_Task goal_.
Everything in the listing below should be written out again exactly, except the pictures.

_Dataset section_.
+ + + +

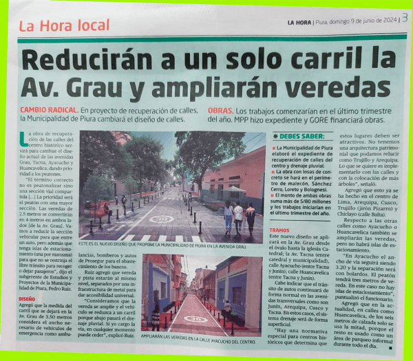 Respecto del conjunto de proyectos de remodelación urbana que la Municipalidad Provincial de Piura viene anunciando, es importante no solo la transparencia en el uso y gestión de los recursos públicos sino también, es esencial la participación ciudadana... Esto es lo que proponen los vecinos de Piura. 1. Coordinar con entidades importantes como la Cámara... Leer más →
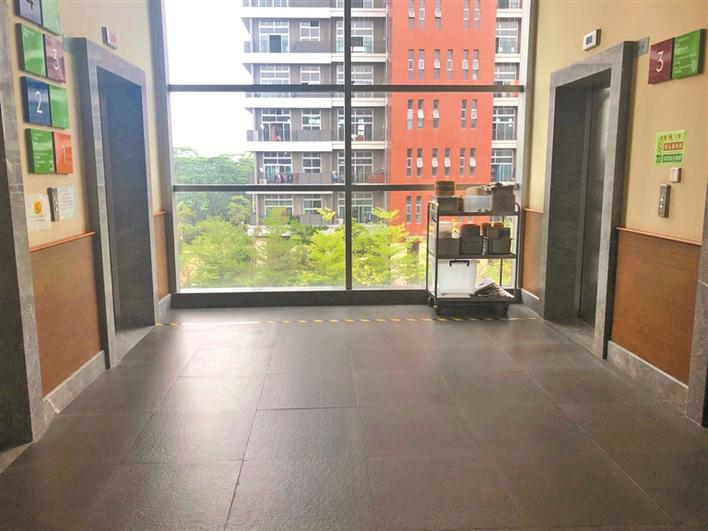 上周五記者來到事發現場,長廊中的餐車均已撤走,但明顯可看出,若擺上餐車,狹窄的長廊必定會對園中幼童產生安全隱患。校方表示,目前已選定學校教學樓電梯前一處空閑區域作為餐車放置區,該區域較為寬闊,且孩子們少在此處上下,相對安全;就餐時間之外,學校也會將餐車撤離教學活動區域。
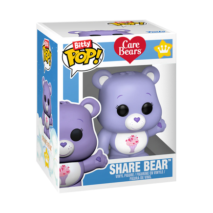 Il mondo dei POP! si fa più grande—e più piccolo—con i collezionabili Bitty POP! Arricchisci la tua collezione dei Care Bears™ con Bitty POP! Ride Share Bear™ e Cloud Mobile™! La figura Bitty POP! è confezionata in una custodia acrilica rigida con base staccabile, che funge anche da supporto. Rimuovi Bitty POP! Share Bear™ dalla custodia per farla sedere sul Bitty POP! Ride Cloud Mobile™! Le figure in vinile misurano circa 2,3 e 3,3 cm di altezza.
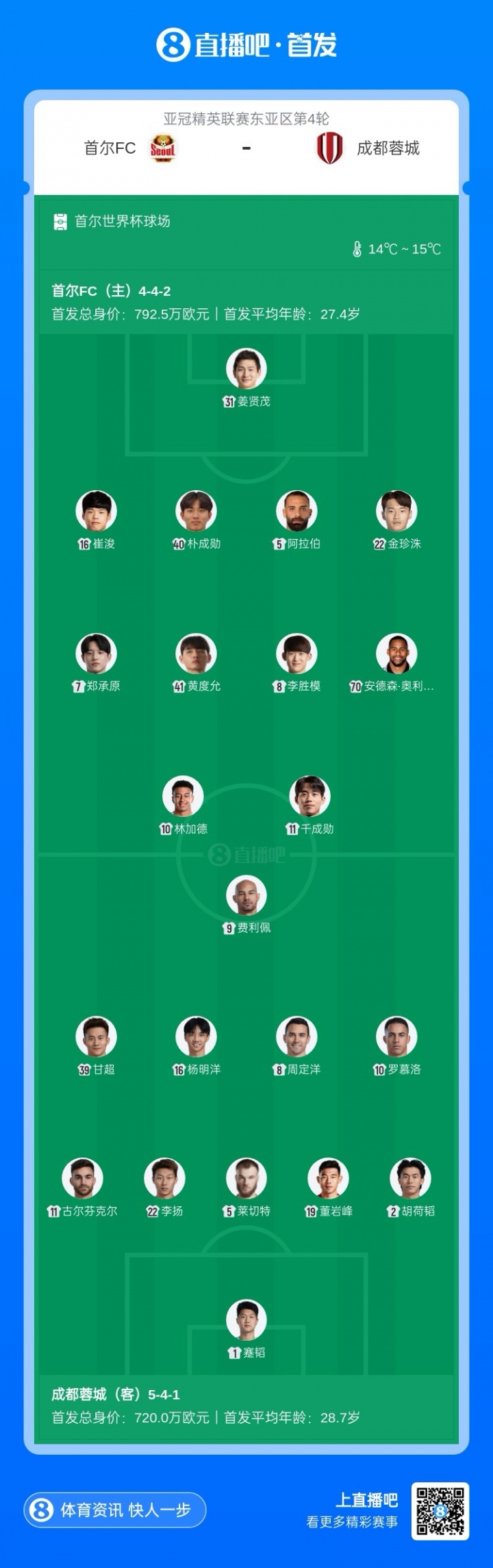蓉城客戰首爾FC首發:費利佩、胡荷韜、周定洋先發,林加德出戰

+ + + +

_Written response_.
 Respecto del conjunto de proyectos de remodelación urbana que la Municipalidad Provincial de Piura viene anunciando, es importante no solo la transparencia en el uso y gestión de los recursos públicos sino también, es esencial la participación ciudadana... Esto es lo que proponen los vecinos de Piura. 1. Coordinar con entidades importantes como la Cámara... Leer más →
 上周五記者來到事發現場,長廊中的餐車均已撤走,但明顯可看出,若擺上餐車,狹窄的長廊必定會對園中幼童產生安全隱患。校方表示,目前已選定學校教學樓電梯前一處空閑區域作為餐車放置區,該區域較為寬闊,且孩子們少在此處上下,相對安全;就餐時間之外,學校也會將餐車撤離教學活動區域。
 Il mondo dei POP! si fa più grande—e più piccolo—con i collezionabili Bitty POP! Arricchisci la tua collezione dei Care Bears™ con Bitty POP! Ride Share Bear™ e Cloud Mobile™! La figura Bitty POP! è confezionata in una custodia acrilica rigida con base staccabile, che funge anche da supporto. Rimuovi Bitty POP! Share Bear™ dalla custodia per farla sedere sul Bitty POP! Ride Cloud Mobile™! Le figure in vinile misurano circa 2,3 e 3,3 cm di altezza.
蓉城客戰首爾FC首發:費利佩、胡荷韜、周定洋先發,林加德出戰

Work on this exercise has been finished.